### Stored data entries
------------------------------------

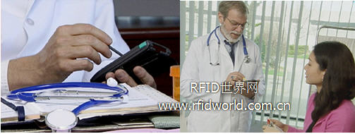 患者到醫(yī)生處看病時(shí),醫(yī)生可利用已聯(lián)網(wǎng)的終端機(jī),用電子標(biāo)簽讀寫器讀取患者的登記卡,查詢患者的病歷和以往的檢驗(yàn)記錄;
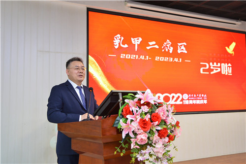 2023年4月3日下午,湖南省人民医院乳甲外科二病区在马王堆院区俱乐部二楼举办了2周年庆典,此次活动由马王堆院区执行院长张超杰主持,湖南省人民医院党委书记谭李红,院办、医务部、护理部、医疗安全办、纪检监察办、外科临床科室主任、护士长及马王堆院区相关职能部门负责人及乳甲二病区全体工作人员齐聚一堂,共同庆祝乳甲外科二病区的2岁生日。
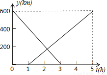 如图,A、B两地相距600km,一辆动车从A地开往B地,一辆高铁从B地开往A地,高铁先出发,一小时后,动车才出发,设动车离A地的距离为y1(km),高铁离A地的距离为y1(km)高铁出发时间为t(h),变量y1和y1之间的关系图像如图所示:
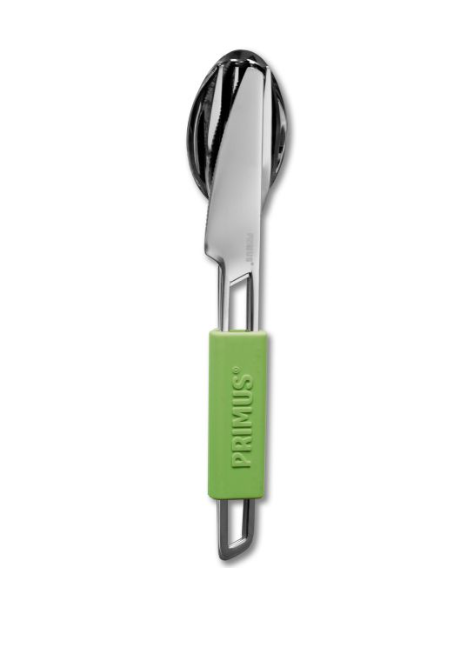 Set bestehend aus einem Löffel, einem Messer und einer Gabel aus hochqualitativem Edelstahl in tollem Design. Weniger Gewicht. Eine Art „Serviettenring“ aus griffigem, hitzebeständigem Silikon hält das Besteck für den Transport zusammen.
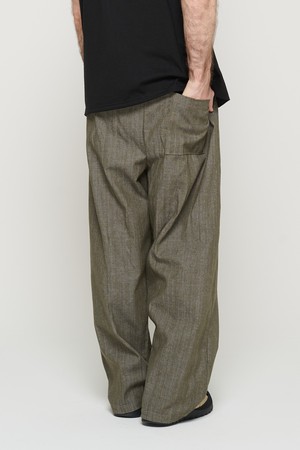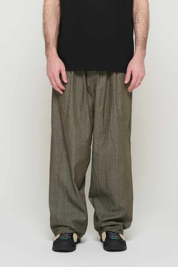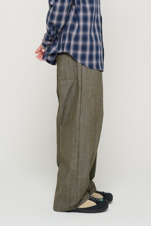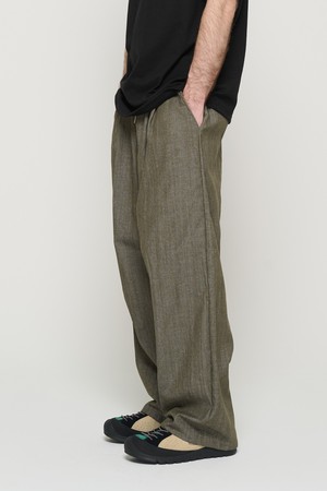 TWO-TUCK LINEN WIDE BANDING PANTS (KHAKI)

------------------------------------

Take only the line containing "2023年4月3日下午,湖南" and every line after it to the end of the entries, and copy them exactly, pictures excluded.

### Result of this exercise
 2023年4月3日下午,湖南省人民医院乳甲外科二病区在马王堆院区俱乐部二楼举办了2周年庆典,此次活动由马王堆院区执行院长张超杰主持,湖南省人民医院党委书记谭李红,院办、医务部、护理部、医疗安全办、纪检监察办、外科临床科室主任、护士长及马王堆院区相关职能部门负责人及乳甲二病区全体工作人员齐聚一堂,共同庆祝乳甲外科二病区的2岁生日。
 如图,A、B两地相距600km,一辆动车从A地开往B地,一辆高铁从B地开往A地,高铁先出发,一小时后,动车才出发,设动车离A地的距离为y1(km),高铁离A地的距离为y1(km)高铁出发时间为t(h),变量y1和y1之间的关系图像如图所示:
 Set bestehend aus einem Löffel, einem Messer und einer Gabel aus hochqualitativem Edelstahl in tollem Design. Weniger Gewicht. Eine Art „Serviettenring“ aus griffigem, hitzebeständigem Silikon hält das Besteck für den Transport zusammen.
 TWO-TUCK LINEN WIDE BANDING PANTS (KHAKI)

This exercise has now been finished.